## Task details
Among the records below, find the line with "Maglioncino slim fit" and the line with "Операционной системой всех". Set down both and every line between, exactly and with no pictures, but nothing else.

## Data extract
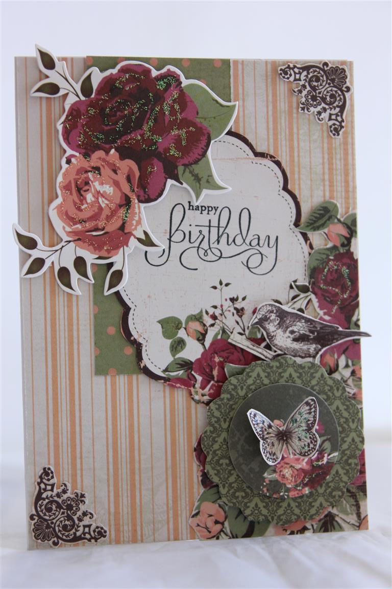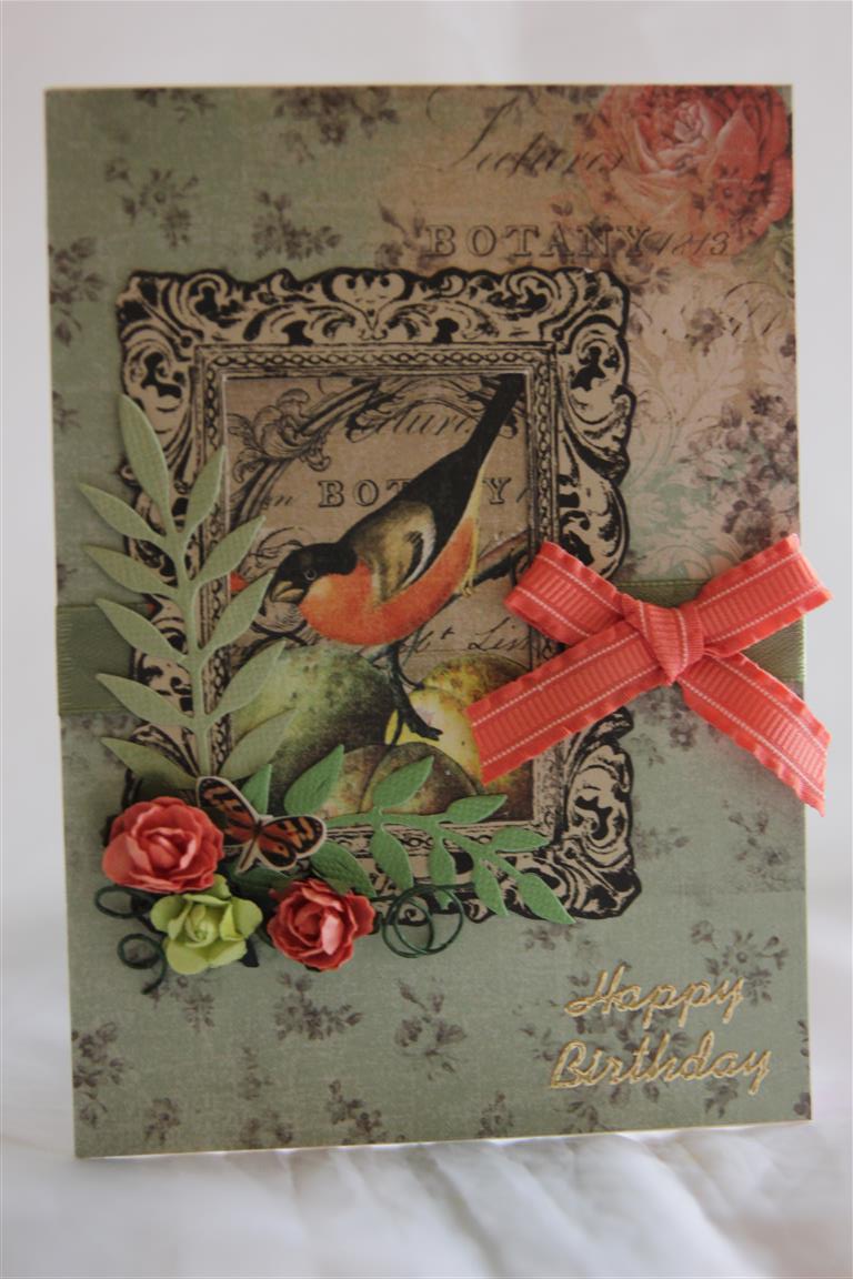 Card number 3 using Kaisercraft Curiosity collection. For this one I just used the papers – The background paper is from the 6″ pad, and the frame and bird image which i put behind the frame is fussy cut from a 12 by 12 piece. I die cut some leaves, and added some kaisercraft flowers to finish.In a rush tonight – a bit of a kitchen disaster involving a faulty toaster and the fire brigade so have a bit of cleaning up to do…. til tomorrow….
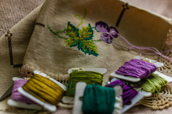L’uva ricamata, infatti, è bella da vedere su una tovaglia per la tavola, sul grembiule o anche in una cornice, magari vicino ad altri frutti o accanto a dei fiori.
* * *
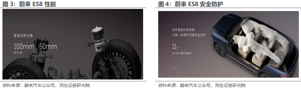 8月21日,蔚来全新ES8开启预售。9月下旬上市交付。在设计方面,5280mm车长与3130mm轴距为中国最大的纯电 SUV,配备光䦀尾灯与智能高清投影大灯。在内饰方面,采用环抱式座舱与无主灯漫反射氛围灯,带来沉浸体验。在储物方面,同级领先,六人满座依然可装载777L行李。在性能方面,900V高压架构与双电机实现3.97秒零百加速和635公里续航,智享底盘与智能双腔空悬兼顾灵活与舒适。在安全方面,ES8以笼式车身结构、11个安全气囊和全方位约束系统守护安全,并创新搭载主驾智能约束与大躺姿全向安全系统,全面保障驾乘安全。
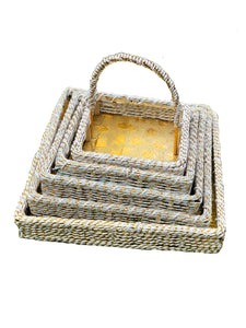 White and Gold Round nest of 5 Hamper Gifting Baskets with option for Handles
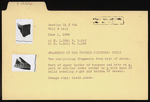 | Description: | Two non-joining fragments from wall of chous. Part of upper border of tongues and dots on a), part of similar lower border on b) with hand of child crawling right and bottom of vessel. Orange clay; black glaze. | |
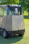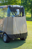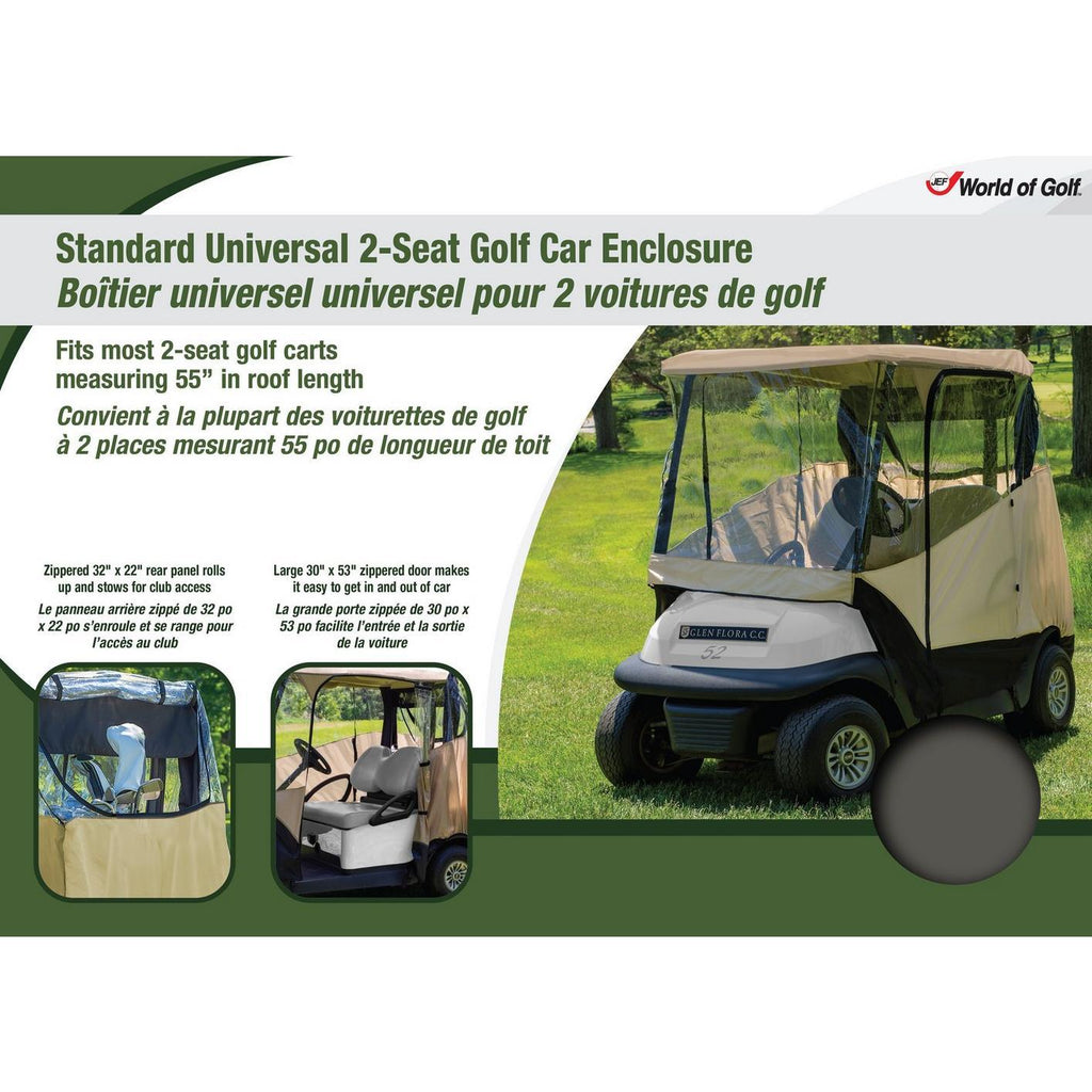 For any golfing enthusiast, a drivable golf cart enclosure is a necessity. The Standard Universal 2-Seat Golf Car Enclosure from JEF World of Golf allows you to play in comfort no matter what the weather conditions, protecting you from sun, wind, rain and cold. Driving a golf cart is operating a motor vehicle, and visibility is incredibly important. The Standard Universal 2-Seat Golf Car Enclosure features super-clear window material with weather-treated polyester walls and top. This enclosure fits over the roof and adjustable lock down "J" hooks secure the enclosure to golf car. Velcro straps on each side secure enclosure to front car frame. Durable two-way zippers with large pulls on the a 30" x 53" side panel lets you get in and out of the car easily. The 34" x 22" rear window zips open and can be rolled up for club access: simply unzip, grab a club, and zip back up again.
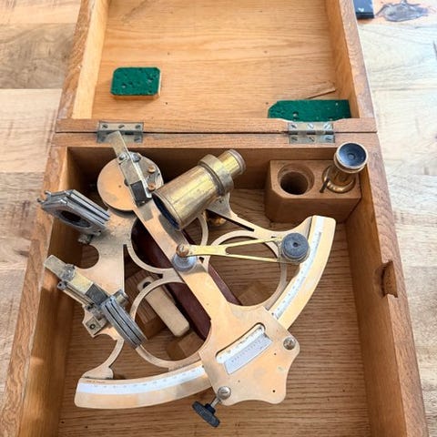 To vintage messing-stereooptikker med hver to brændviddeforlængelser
==
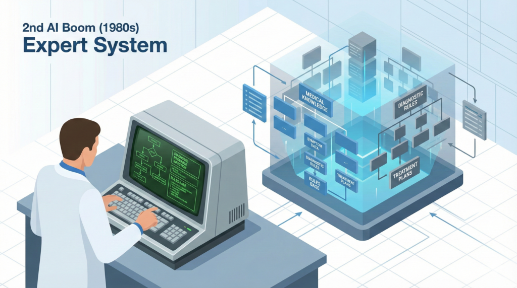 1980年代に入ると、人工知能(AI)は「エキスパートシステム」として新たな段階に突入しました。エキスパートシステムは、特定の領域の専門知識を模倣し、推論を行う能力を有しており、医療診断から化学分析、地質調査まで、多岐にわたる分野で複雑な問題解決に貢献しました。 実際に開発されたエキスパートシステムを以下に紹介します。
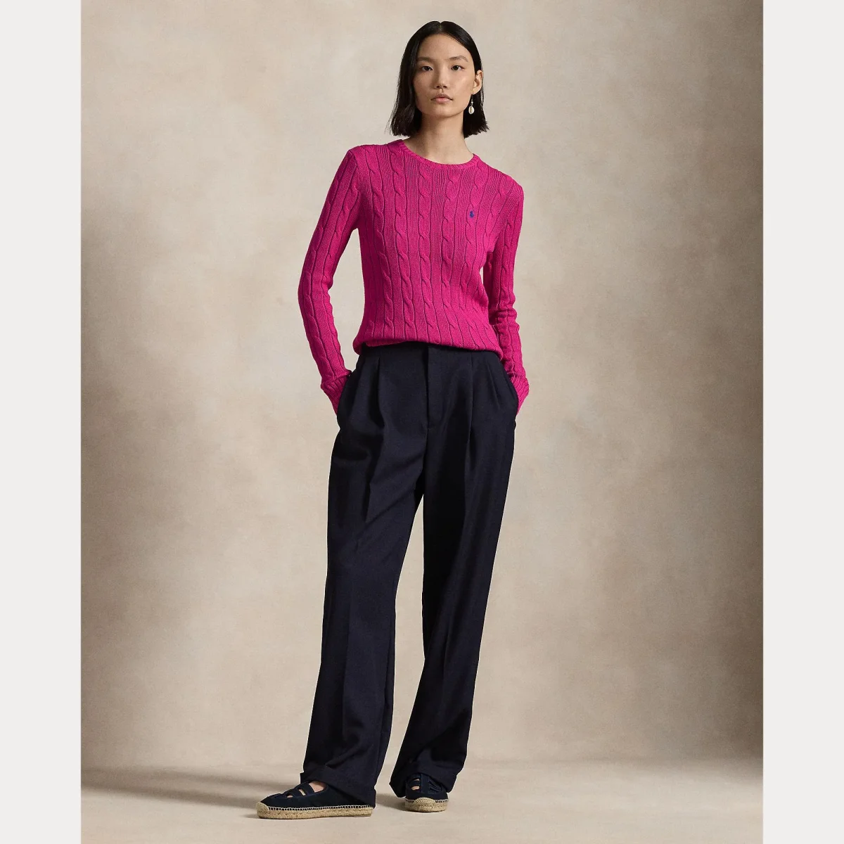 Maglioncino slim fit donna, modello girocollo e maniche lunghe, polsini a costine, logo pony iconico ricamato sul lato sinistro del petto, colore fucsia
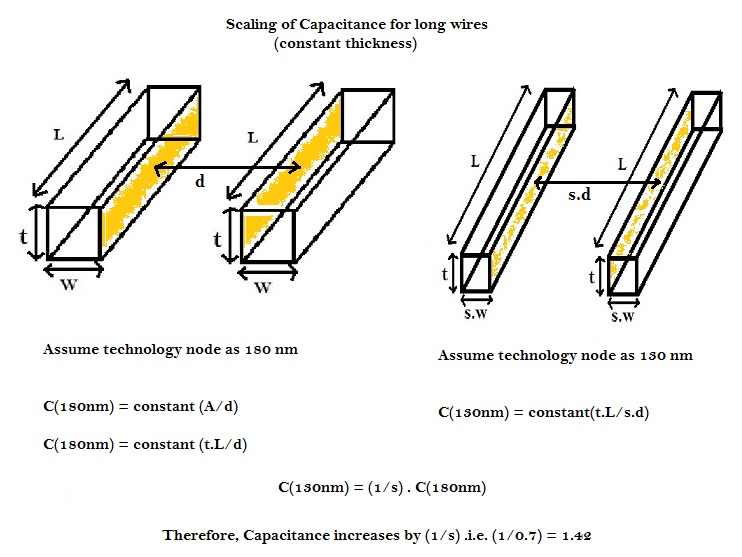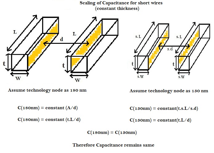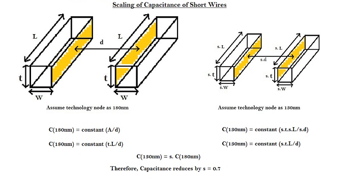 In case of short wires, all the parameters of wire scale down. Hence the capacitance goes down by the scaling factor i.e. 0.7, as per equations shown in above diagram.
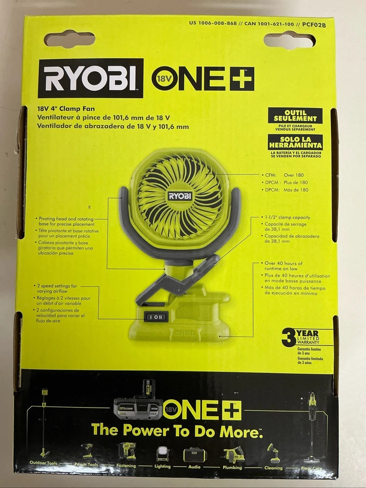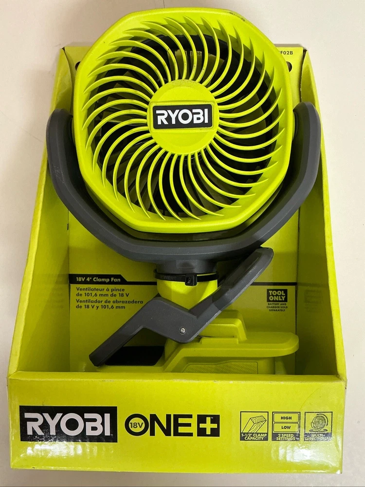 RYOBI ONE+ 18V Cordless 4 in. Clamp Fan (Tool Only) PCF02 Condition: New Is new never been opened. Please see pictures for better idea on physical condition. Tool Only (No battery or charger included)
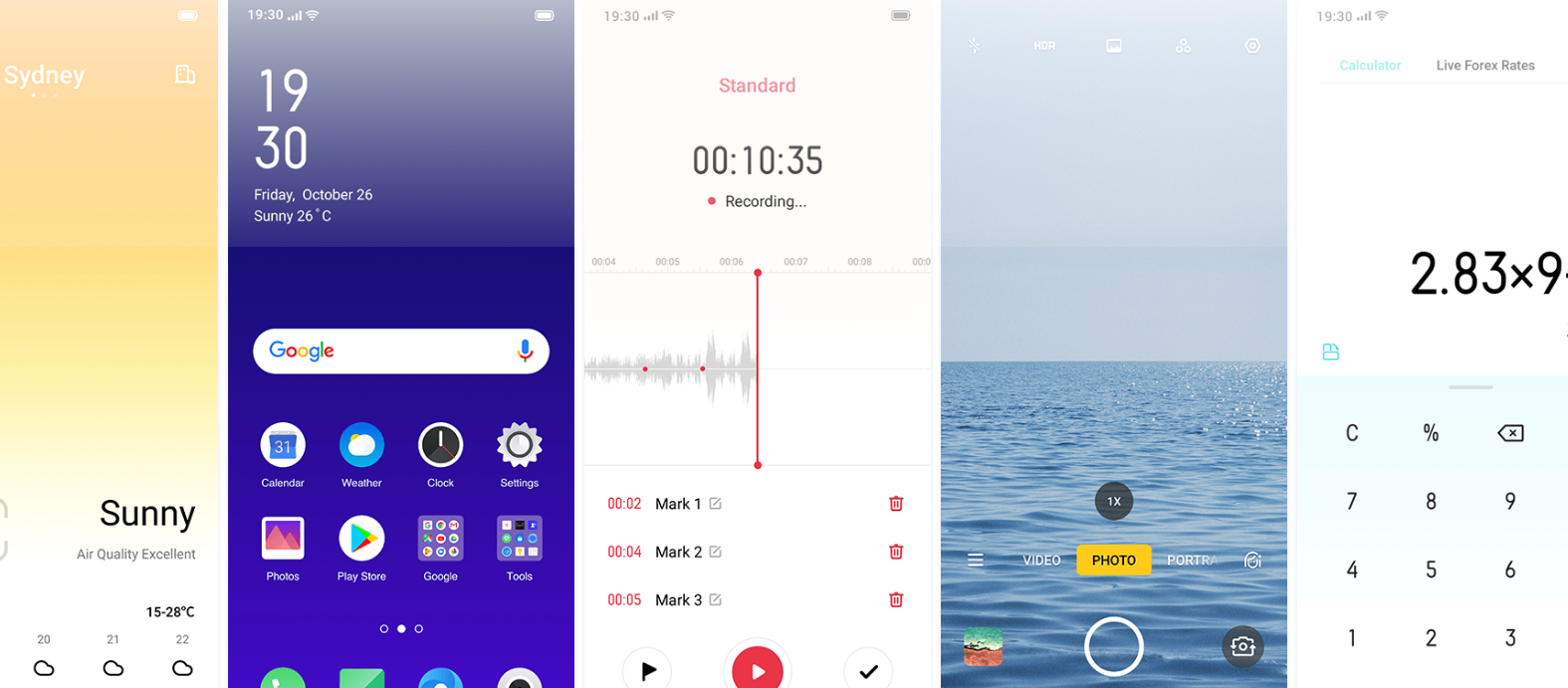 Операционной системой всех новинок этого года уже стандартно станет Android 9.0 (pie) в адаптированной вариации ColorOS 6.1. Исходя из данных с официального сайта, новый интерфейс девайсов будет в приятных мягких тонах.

## Finished exercise
 Maglioncino slim fit donna, modello girocollo e maniche lunghe, polsini a costine, logo pony iconico ricamato sul lato sinistro del petto, colore fucsia
 In case of short wires, all the parameters of wire scale down. Hence the capacitance goes down by the scaling factor i.e. 0.7, as per equations shown in above diagram.
 RYOBI ONE+ 18V Cordless 4 in. Clamp Fan (Tool Only) PCF02 Condition: New Is new never been opened. Please see pictures for better idea on physical condition. Tool Only (No battery or charger included)
 Операционной системой всех новинок этого года уже стандартно станет Android 9.0 (pie) в адаптированной вариации ColorOS 6.1. Исходя из данных с официального сайта, новый интерфейс девайсов будет в приятных мягких тонах.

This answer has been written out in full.